Would you repeat the data below exactly, taking out the images?

### INFORMATION PROVIDED
--
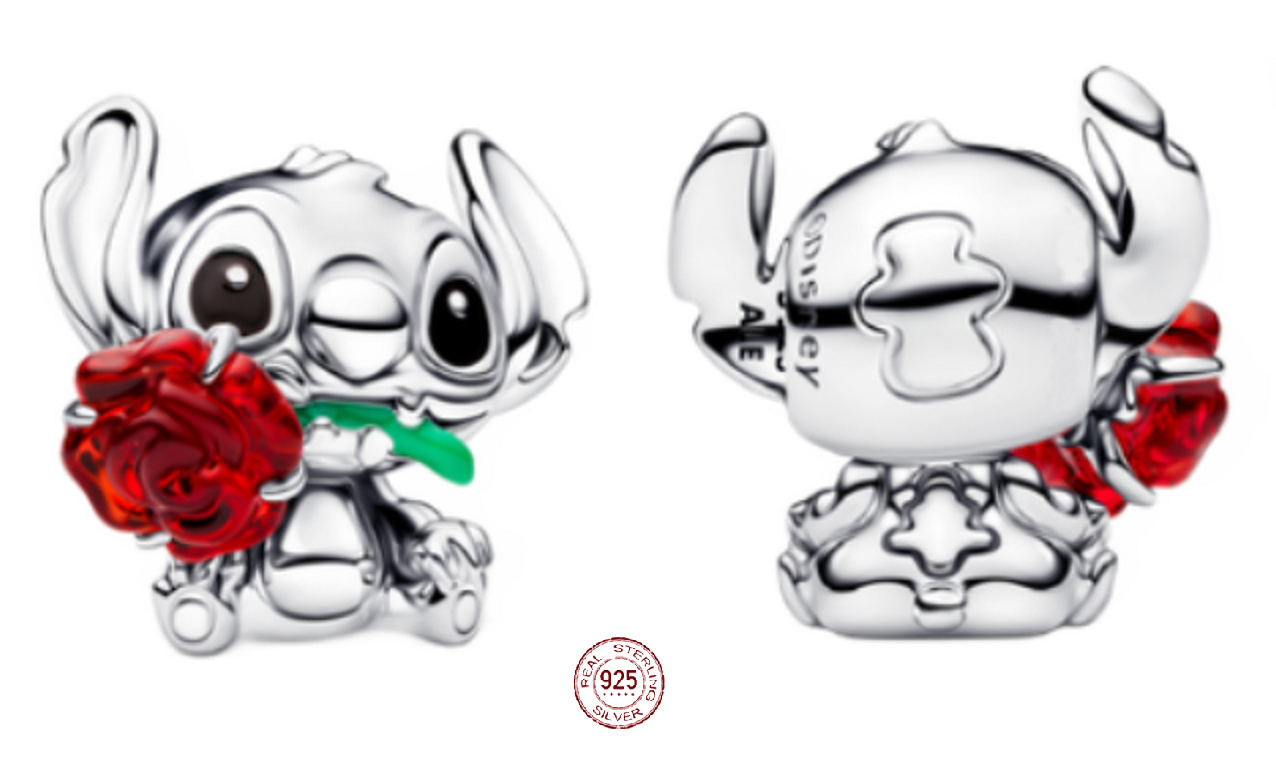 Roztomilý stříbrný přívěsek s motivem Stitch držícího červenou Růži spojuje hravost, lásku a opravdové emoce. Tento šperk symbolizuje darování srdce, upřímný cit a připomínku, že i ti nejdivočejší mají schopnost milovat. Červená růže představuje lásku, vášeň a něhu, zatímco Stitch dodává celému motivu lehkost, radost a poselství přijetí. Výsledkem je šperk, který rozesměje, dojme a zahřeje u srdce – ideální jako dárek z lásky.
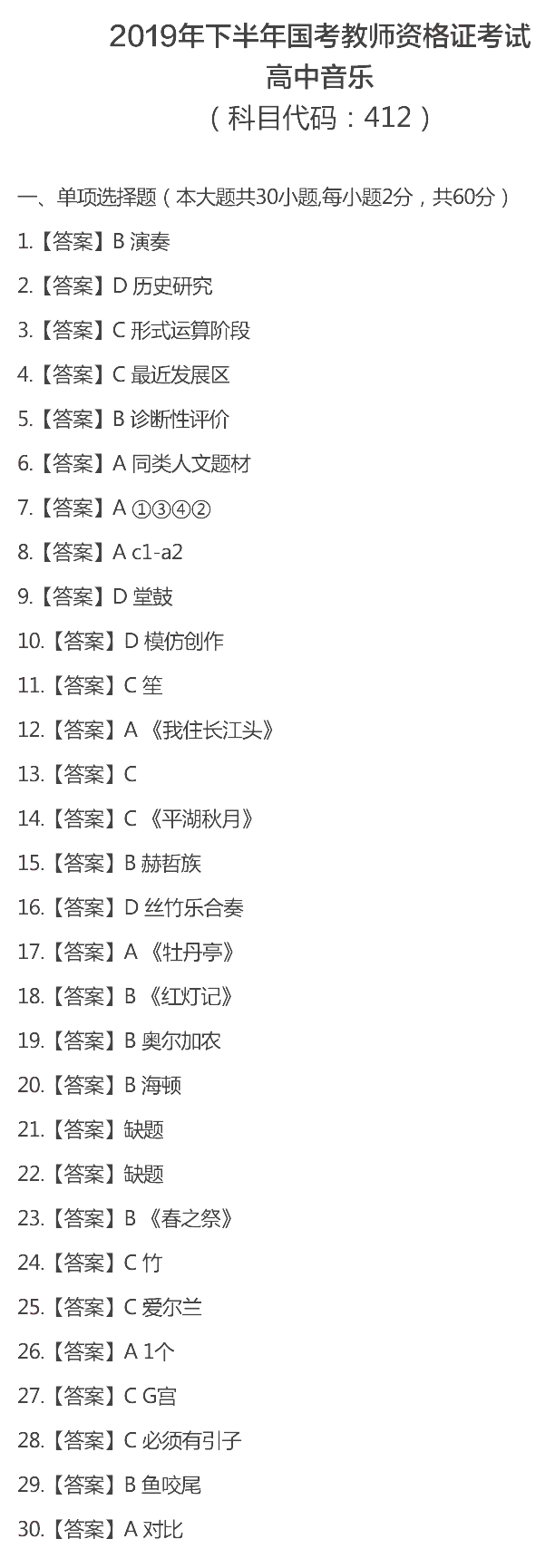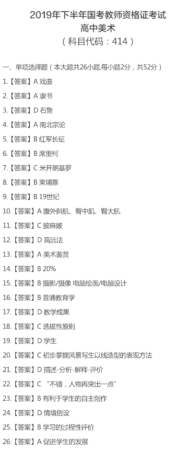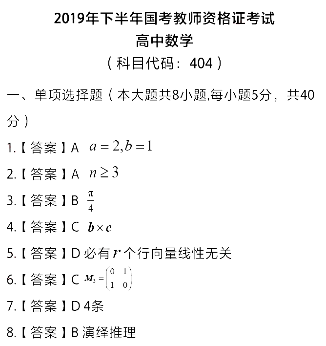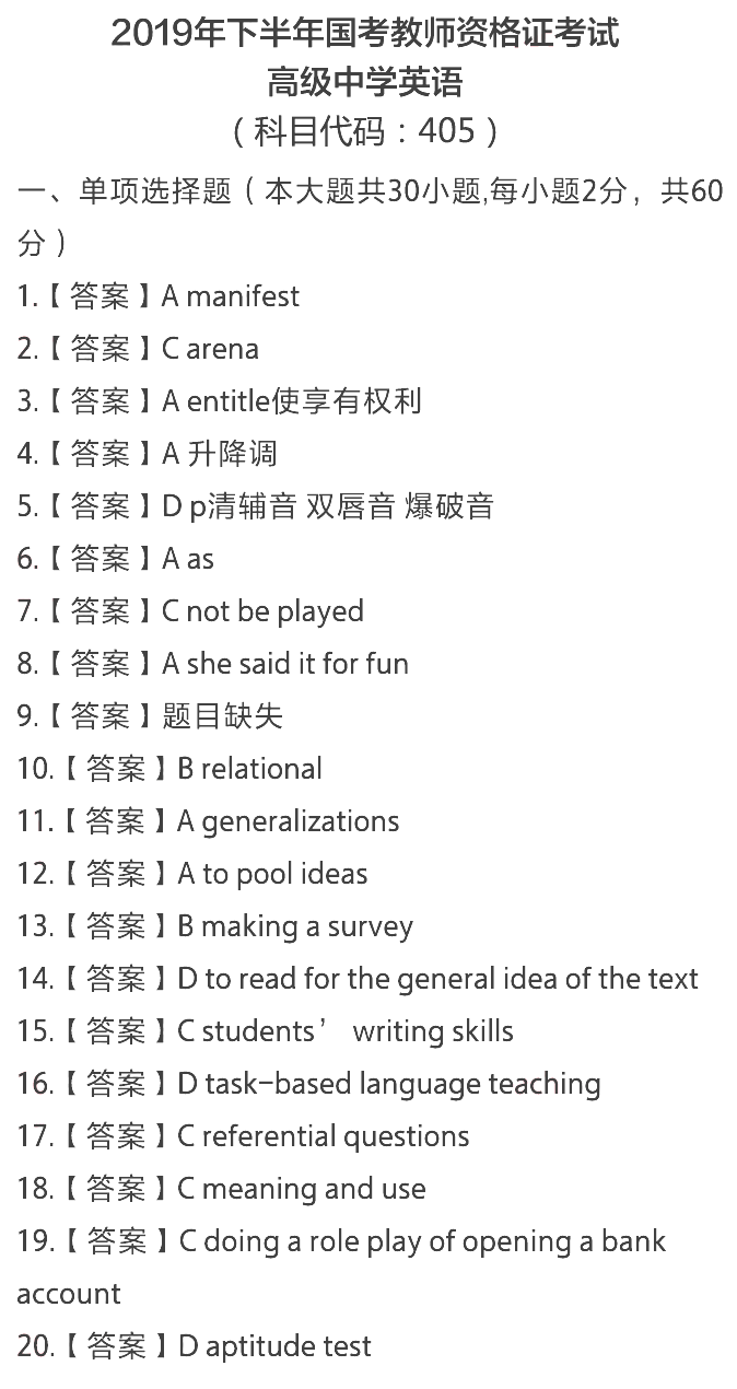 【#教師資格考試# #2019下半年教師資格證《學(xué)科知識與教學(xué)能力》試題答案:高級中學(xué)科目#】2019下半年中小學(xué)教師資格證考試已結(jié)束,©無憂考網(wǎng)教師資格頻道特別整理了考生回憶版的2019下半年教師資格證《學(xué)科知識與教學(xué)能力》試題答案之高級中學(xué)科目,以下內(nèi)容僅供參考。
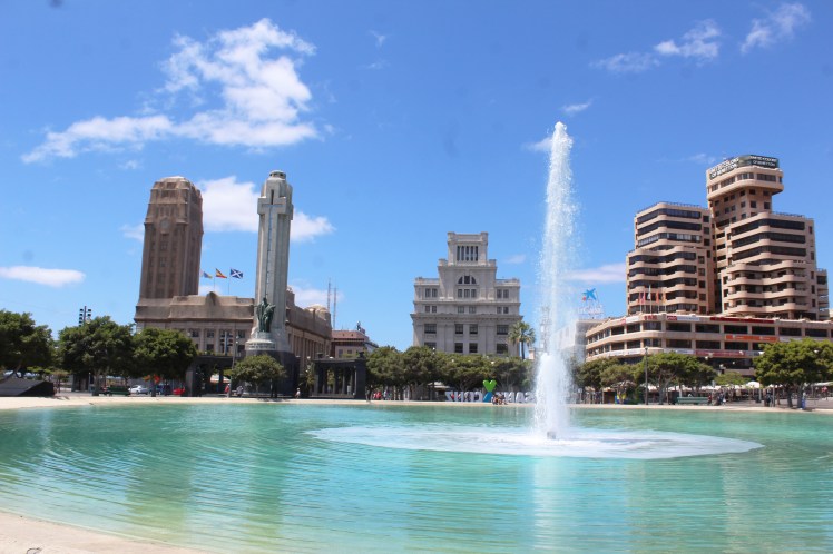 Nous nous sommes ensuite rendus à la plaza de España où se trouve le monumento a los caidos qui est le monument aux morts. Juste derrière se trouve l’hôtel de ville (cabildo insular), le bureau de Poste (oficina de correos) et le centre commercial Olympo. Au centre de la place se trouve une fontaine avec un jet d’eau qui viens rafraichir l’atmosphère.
--
### WORKED SOLUTION
 Roztomilý stříbrný přívěsek s motivem Stitch držícího červenou Růži spojuje hravost, lásku a opravdové emoce. Tento šperk symbolizuje darování srdce, upřímný cit a připomínku, že i ti nejdivočejší mají schopnost milovat. Červená růže představuje lásku, vášeň a něhu, zatímco Stitch dodává celému motivu lehkost, radost a poselství přijetí. Výsledkem je šperk, který rozesměje, dojme a zahřeje u srdce – ideální jako dárek z lásky.
 【#教師資格考試# #2019下半年教師資格證《學(xué)科知識與教學(xué)能力》試題答案:高級中學(xué)科目#】2019下半年中小學(xué)教師資格證考試已結(jié)束,©無憂考網(wǎng)教師資格頻道特別整理了考生回憶版的2019下半年教師資格證《學(xué)科知識與教學(xué)能力》試題答案之高級中學(xué)科目,以下內(nèi)容僅供參考。
 Nous nous sommes ensuite rendus à la plaza de España où se trouve le monumento a los caidos qui est le monument aux morts. Juste derrière se trouve l’hôtel de ville (cabildo insular), le bureau de Poste (oficina de correos) et le centre commercial Olympo. Au centre de la place se trouve une fontaine avec un jet d’eau qui viens rafraichir l’atmosphère.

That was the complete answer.